Which of the following statements would most strengthen the argument that commodity futures are not an asset class:
Statement 1: Hedy Gaal establishes a short position in cocoa bean futures for her managed futures fund in a contango market. She expects no change in the spot price of cocoa by contract expiration.
Statement 2: Jeff Anka buys ten 60-day wheat futures in a backwardated market. A month after his purchase, the price of wheat drops dramatically and he sells his position at a significant loss.
Statement 3: The German hedge fund Neulander recently established a speculative long position in sugar futures in a contango market. Through careful active management the fund is able to achieve a positive roll yield when it closes its position.
Statement 1 strengthens the argument that commodity futures are an asset class. This is because a short position in futures in a contango market, when assuming no change in the spot price, would result in a positive roll yield and hence positive cash flow to Gaal’s fund (think of this as selling high and buying low).

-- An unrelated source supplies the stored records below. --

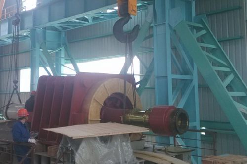 电机一般由定子、转子和机壳等附件组成,通常电机为一个整体进行吊装。该工程因粗轧机电机大、重量重,运输不便,设备生产商分部件配送,在现场进行组装。冶金工程技术公司机装五处精心组织施工,优化吊装方案,使用主轧跨50t行车和自制“扁担”对重为21t的转子进行吊装,在定子的另一侧通过50t汽车吊配合,顺利地完成了转子对定子的“穿芯”工作。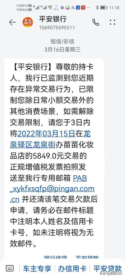 平安银行最近开始大规模的发送短信要求持卡人提供近三个月的交易的发票,很多人去消费,很少会要发票,不能提供发票就会出现风控,不能大额交易,只能5以下的小额度交易,这就让很多人蒙圈了。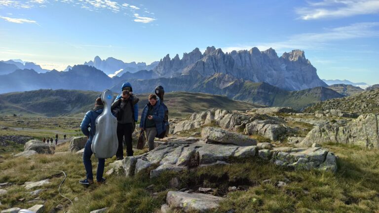 Accoglienza degli spettatori dei Suoni delle Dolomiti, un appuntamento fisso per gli amanti della musica e della natura, dove talentuosi professionisti si esibiscono in diversi luoghi nel cuore delle Dolomiti del Trentino.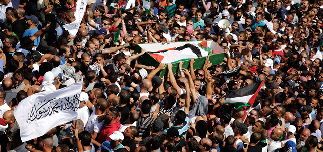 آلاف المشيعين في جنازة محمد أبوخضير (16 عاماً) في شعفاط بالقدس الشرقية أمس. رويترز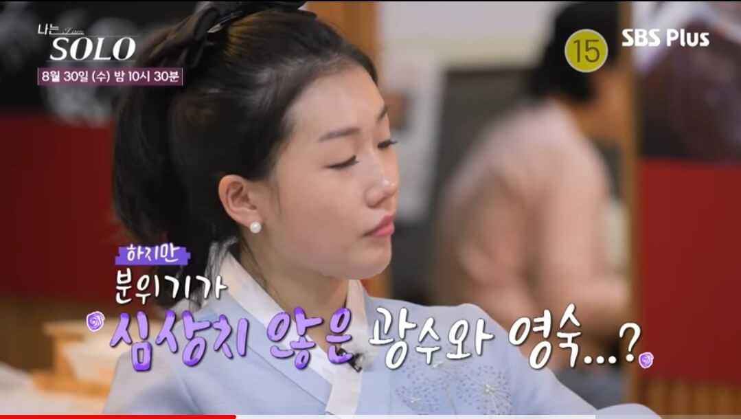 영숙이 광수와 데이트를 하기 위해 이동하는 차 안에 '영숙님에 비하면 나는 산전수전도 아니지'라며 말하는 광수에게 불편한 기색을 드러내며 표정이 굳게 됩니다. 하지만 이런 분위기를 감지하지 못하고 식당에 도착한 뒤에도 자기소개 강렬하게 들었다고 이야기를 꺼내자.. 영숙은 자신의 맘이 상한 이유를 말하며 남의 상처 쉽게 꺼내면서 산전수전 겪었다고 말하지 말라고 합니다. 하지만 눈치가 정말 없는 건지 두 사람이 이야기 도중 광수는 또 자신의 삶이 영숙의 삶처럼 파란만장하지는 않다고 이야기를 하게 됩니다. 이에 결국 영숙은 자리를 박차고 일어나며 혼자 숙소로 돌아오게 됩니다.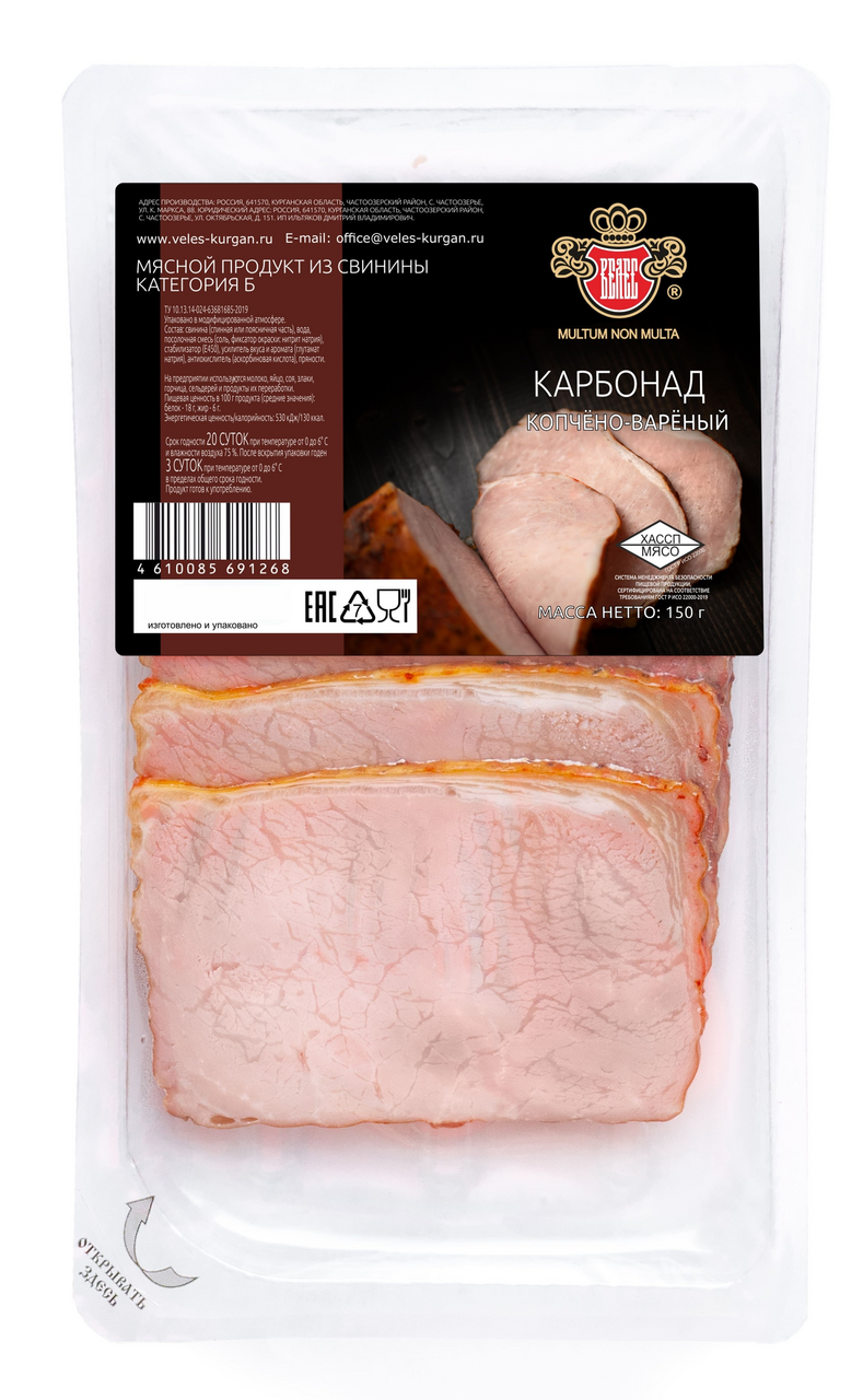 Главная / Каталог / Колбасы, сосиски, паштеты / Карбонад Велес копчено-вареный 150г нарезка

By contrast, even though Anka bought the wheat futures in a backwardated market with the expectation of achieving a positive roll yield, futures prices must converge to the spot price closer to maturity. The loss on the futures position translates to a negative roll yield, favoring the argument that commodity futures are not an asset class.
In Statement 3, Neulander is able to achieve positive returns through active management regardless of market conditions. Since the positive return means the futures are valuable, this favors the argument that commodity futures are an asset class.